Кто исполнял номер? Очевидно, это был Дэн Лино, но, возможно, что и молодой Чарли Чаплин. И кто знает, не осенила ли Ленина в тот момент такая неожиданная мысль, что между клоуном с замалеванным белилами лицом и вождем революционных масс есть очень много общего. Ведь каждый из них по-своему добивается одной цели: вывернуть общепринятое наизнанку, исказить, показать алогизм обычного.
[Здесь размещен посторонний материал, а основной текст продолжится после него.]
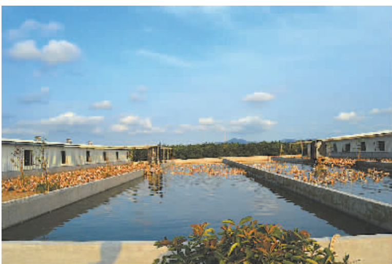
高岸养鸭保护水资源。

长期以来，污染整治难达标，污水排放不规范，把畜禽养殖场一次次地推上舆论的“风口浪尖”。面对不断提出的环保呼声，一大批处于禁养区范围和不能达标排放的“低小散乱差”养殖场首当其冲，被勒令关停。市农业局提供的数据显示，截至2016年底，全市累计关停、搬迁养殖场户4625家，2600家养殖场户完成治理、改造，落实生态消纳地92万亩，投入资金7.7亿元，调减生猪存栏近50万头。我市还健全监管体系，基本建成以“一场一人”为核心的县、镇（乡）、村三级畜禽养殖污染网格化防控巡查网络；奉化、余姚、慈溪、宁海4个生猪重点区县（市）构建了线上智能化防控网络平台。

Ленин не часто попадал в мюзик-холл вечерами. Обычно работа на съездах его так выматывала, что к концу съезда он выглядел больным человеком. По словам одного из очевидцев, наблюдавшего Ленина в Лондоне, «он был бледный, с потухшими глазами, и руки у него дрожали». Когда Ленин наконец вернулся в Финляндию, его трудно было узнать. Бороду он сбрил, коротко подстриг усы, а на голове у него появилась соломенная шляпа. Он страшно исхудал и не мог есть; налицо были признаки нервного истощения. Было решено отправить его в глухую, тихую деревеньку, где он мог бы восстановить свое пошатнувшееся здоровье. На природе он то и дело засыпал среди бела дня. Крупская вспоминала, как он, сидя под сосной и беседуя, вдруг погружался в сон. Но постепенно Ленин пришел в себя, у него появился аппетит, и они с Крупской стали кататься на старых велосипедах. «Мы вырезали заплатки на шины из старых галош, — вспоминала она. — У нас больше времени уходило на ремонт, чем на катание». Деревенский воздух пошел Ленину на пользу, да и здоровое питание — оленина и яичницы из свежих яиц — тоже сделали свое дело, лицо у Ленина снова округлилось.
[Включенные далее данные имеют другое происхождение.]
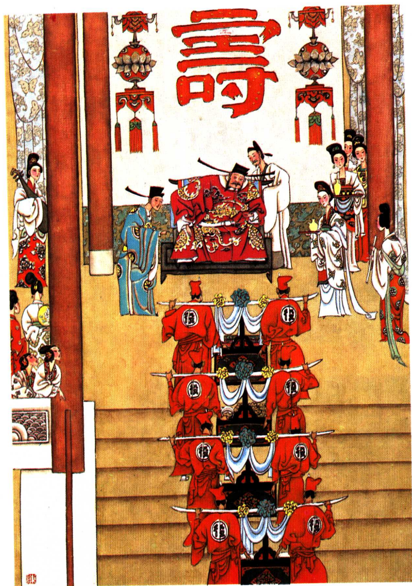
西门庆两番庆寿诞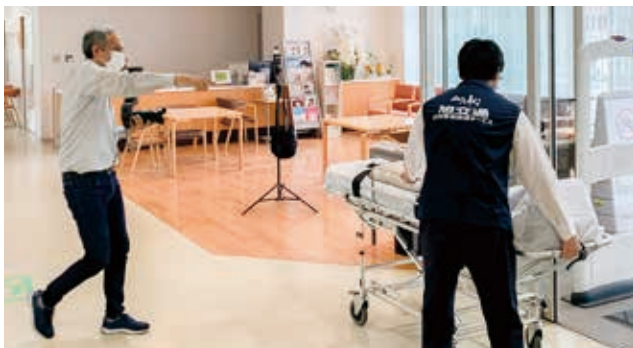
プロの指示でよりリアルな搬送現場を作る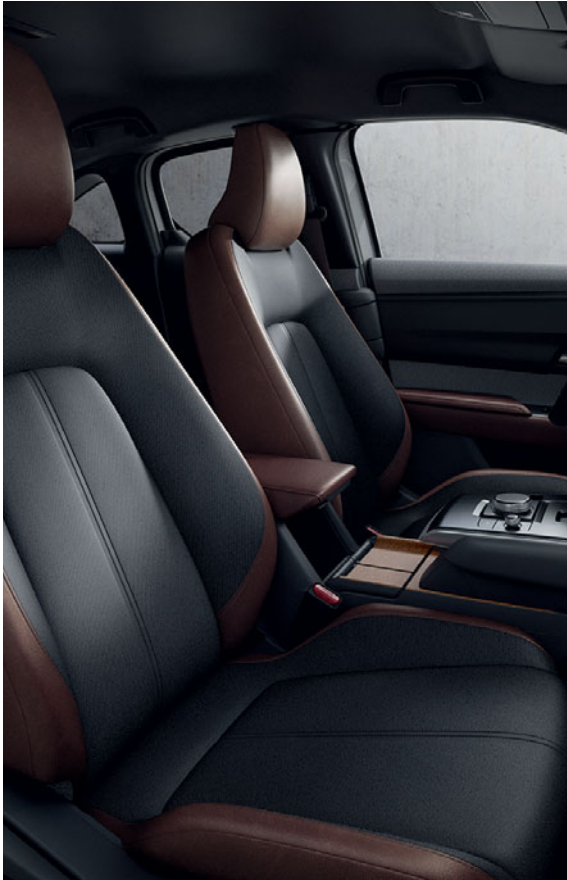
ACABADO INDUSTRIAL VINTAGE

Это уже стало закономерностью: каждый съезд для него был высшим напряжением воли, своего рода кризисом, и почти после каждого из них наступал период какого-то умственного и физического паралича, когда даже простейшие повседневные дела оказывались выше его сил. Так что все разговоры о его врожденном крепком здоровье не соответствуют истине. Он никогда не отличался крепким здоровьем.
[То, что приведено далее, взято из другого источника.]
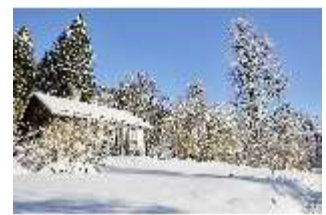
Lin.V, Königshäuschen verschneit im Winter, DI007320, BSV-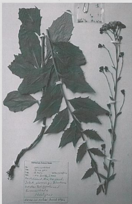
Abbildung 3. Holotypus von Hieracium patzkei BOMBLE & MOHL.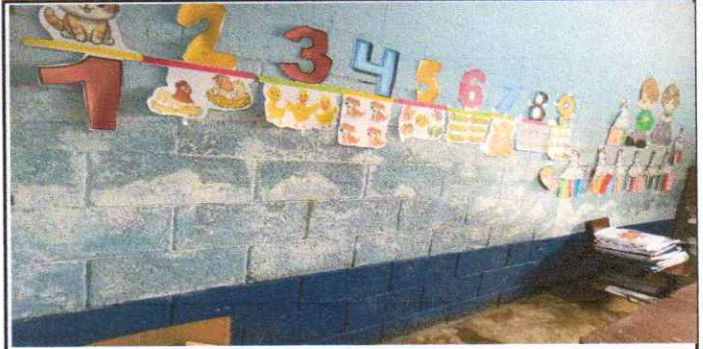
SUMINISTRO Y APLICACIÓN DE PINTURA EN MUROS INTERIOR Y EXTERIOR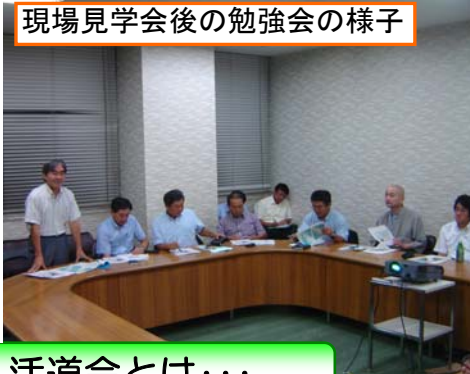
現場見学会後の勉強会の様子

見学会後の勉強会では、東九州自動車道や延岡道路の概要や進捗状況、整備後の効果等について勉強し、活発な意見交換が行われました。

Поправившись, он еще некоторое время жил в доме, принадлежавшем двум незамужним сестрам в деревне недалеко от Гельсингфорса. Это было идеальное убежище для революционера, за которым охотилась полиция: уютный небольшой домик, окна с кружевными занавесками; в одной из комнат вечно кто-нибудь бренчал на пианино и хихикали две девицы в возрасте. В этом образцовом мелкобуржуазном гнездышке он сочинял антибуржуазные статьи, расхаживая взад-вперед по комнате на цыпочках, чтобы не беспокоить хозяев. Каждый день к нему прибывал курьер и забирал готовый материал, который затем печатали в подпольной типографии в Выборге или Санкт-Петербурге.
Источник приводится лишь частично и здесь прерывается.